Pino è un barbiere involontario. Controvoglia. Colpa di un maestro che, sessanta e più anni fa, decise che quel ragazzino di dieci anni, cresciuto nelle campagne di Montà, appena fuori Padova, non era adatto alla scuola. ‘Che impari un mestiere’, disse al padre. Che si rivolse a un barbiere sotto casa e così Pino se ne andò di negozio in negozio a vendere rasoi e creme da barba. Arrivò in via Euganea e vi rimase. Apprendista in una bottega. Il resto lo potete immaginare. Da 58 anni, Pino sta qui. E’ in pensione, ma ogni giorno tira su il bandone. E, pensate, dice di non aver mai amato questo mestiere. Ma poi non ha mai smesso.

Pino


Niente tagli scolpiti. Forbici e pettine. Macchinette tosabarba. Niente concessioni a una moda impossibile. Qui, ancora, si viene perché c’è complicità. Quasi amicizia. Perché dopo il taglio si va a prendere il caffè assieme. Nell'attesa si chiacchiera o si legge Tex. Vengono gli studenti fuori sede per risparmiare qualche euro. Poi tornano e scattano anche loro fotografie. Nostalgie di un mondo che non hanno conosciuto? ‘Un tempo fra il centro e qui c’erano almeno novanta negozi. Vada a contare quanti ne sono rimasti’, dice Pino. Avverte che smette. Troppe spese tener aperto il negozio. Ma poi ogni mattino è lì. Saluta i suoi vicini, il ragazzo greco, e si mette a spazzare il negozio.
San Casciano in Val di Pesa, 30 marzo

Devo una spiegazione. Molti anni fa proposi a una piccola rivista un rubrica che volevo chiamare: ‘Luoghi di resistenza inconsapevole’. Volevo raccogliere storie di gente che stava in questo mondo con spirito leggero. Faceva un lavoro (non importa quale), ma non stava a tutte le regole del mercato. Doveva sopravvivere, ma intuiva che le ‘relazioni’, il tempo donato, le amicizie fossero ben più importanti della fretta, dei soldi per i soldi, del ‘il tempo è denaro’. Volevo, però, che questa ‘resistenza’ fosse inconsapevole. Non volevo andare a trovare chi, per scelta ‘ideologica’, si metteva in una nicchia ai margini del mercato. Alla fine, si corre sempre il rischio di esserne un frammento. 
La rubrica non si fece. Non ho grandi strumenti per andare in cerca di questi luoghi di resistenza. Ma a volte mi ci imbatto. E allora ne scrivo su questo blog. Corro anch'io un rischio: di incontrare solo vecchi artigiani che insistono nei loro mestieri o di relegarmi in un ‘folclore’ sterile. Spero che non sia così. A volte trovo giovani come il libraio di Castel del Piano che hanno il coraggio di metter su realtà controcorrente. A volte conosco Pino e allora mi taglio i capelli. Non saprei dove altro andare. Gli altri miei barbieri stanno in Irpinia e in Aspromonte. 


martedì 27 marzo 2012

Incontri in Maremma/Isidoro Falchi

Isidoro Falchi (da wikipedia.it)


Per qualche settimana ho viaggiato per la Maremma. Terra di Toscana. Per un libro da scrivere.
Si fanno incontri in Maremma. Gente solitaria, sopra le righe, brusca a volte. Con tratti che, a noi, a volte, paiono ambigui. Di Luciano Bianciardi, il mio accompagnatore prediletto, già sapete. Ma quanti altre amicizie ho stretto in questo viaggio. Alcune sorprendenti. Adesso che il lavoro sta finendo, vorrei ricordarle.

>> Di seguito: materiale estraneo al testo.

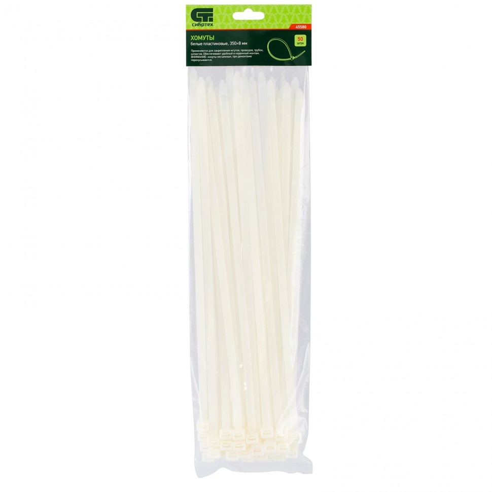 <p>Белые пластиковые хомуты Сибртех 45580, 350 х 8 мм, 50 шт. в упаковке, используются для стяжки кабелей, закрепления трубок, шлангов, рекламных конструкций, а также для упаковки различных предметов. Пригодятся во время прокладки электрических и локальных вычислительных сетей, ремонта компьютерной техники, оформлении торговых стендов, комплектовании товара, будут также полезны дома, на даче и в гараже.</p><h2>Преимущества</h2><ul><li>Надежные соединения — кабельные стяжки изготовлены из прочного нейлона.</li><li>Возможность проведения наружных работ — хомуты устойчивы к ультрафиолету и сохраняют свои свойства при температуре от -35 до +85 ℃.</li><li>50 штук в упаковке — набора хватит надолго.</li></ul>

Isidoro Falchi, per esempio. L’ho incontrato sulle spiagge di Baratti. Stava lisciandosi la folta barba nera. Lo notai per quello. Mi piacque subito. Se ne capiva la tenacia, l’ardore, la forza polemica. Mi piacciono gli uomini ai margini. Elegante come poteva esserlo un medico di campagna a fine ‘800. Gli occhi sfavillanti. Nel 1889 quest’uomo (politico di paese a Campiglia Marittima, un passato di ribelle per l’indipendenza italiana, massone, volontario con Garibaldi nel 1860) era già qualcosa di più di un archeologo dilettante. Aveva già una discussa fama nel mondo degli etruscologi. In quell’anno accorse sulla spiaggia di Baratti perché durante i lavori di sterro di una strada poderale era apparsa una lastra di arenaria. Lui sapeva già di cosa si trattava. Era la copertura di una tomba a cassone. Era riapparsa la prima traccia della città etrusca di Populonia, l’unica città etrusca sul mare. Isodoro Falchi aveva un destino da Schliemann toscano. Pochi anni prima aveva ritrovato Vetulonia, la città scomparsa dell’antichità.

Vetulonia



Aveva già quasi cinquant’anni, quando nel suo studio di medico, un amico mise sul suo tavolo tre monete d’oro. Isidoro si accorse subito delle quattro lettere incise sul metallo: vi era scritto Vatl. Era molto più che un indizio. Quelle monete provenivano dalla zecca di Vetulonia, la città del mistero, la città cercata da sempre da una moltitudine di cercatori di tesori. Vetulonia era l’enigma archeologico dell’800 italiano. Eruditi e sapienti delle università si stavano accapigliando sulle differenti ubicazioni della città svanita nel nulla. Vetulonia era già ‘riapparsa’ in ben otto diverse località. Falchi ingaggiò un duello all'ultimo sangue con Dotto De Dauli. Questo poliedrico deputato, massone pure lui, diviso fra Garibaldi e Mazzini e aspirante a una rielezione nel seggio di Grosseto, sosteneva che Vetulonia fossa a Massa Marittima. Ci volle una commissione regia per metter fine alla disputa e dar ragione a Isidoro. Avrei voluto raccontare le battaglie fra Dotto e Isidoro. 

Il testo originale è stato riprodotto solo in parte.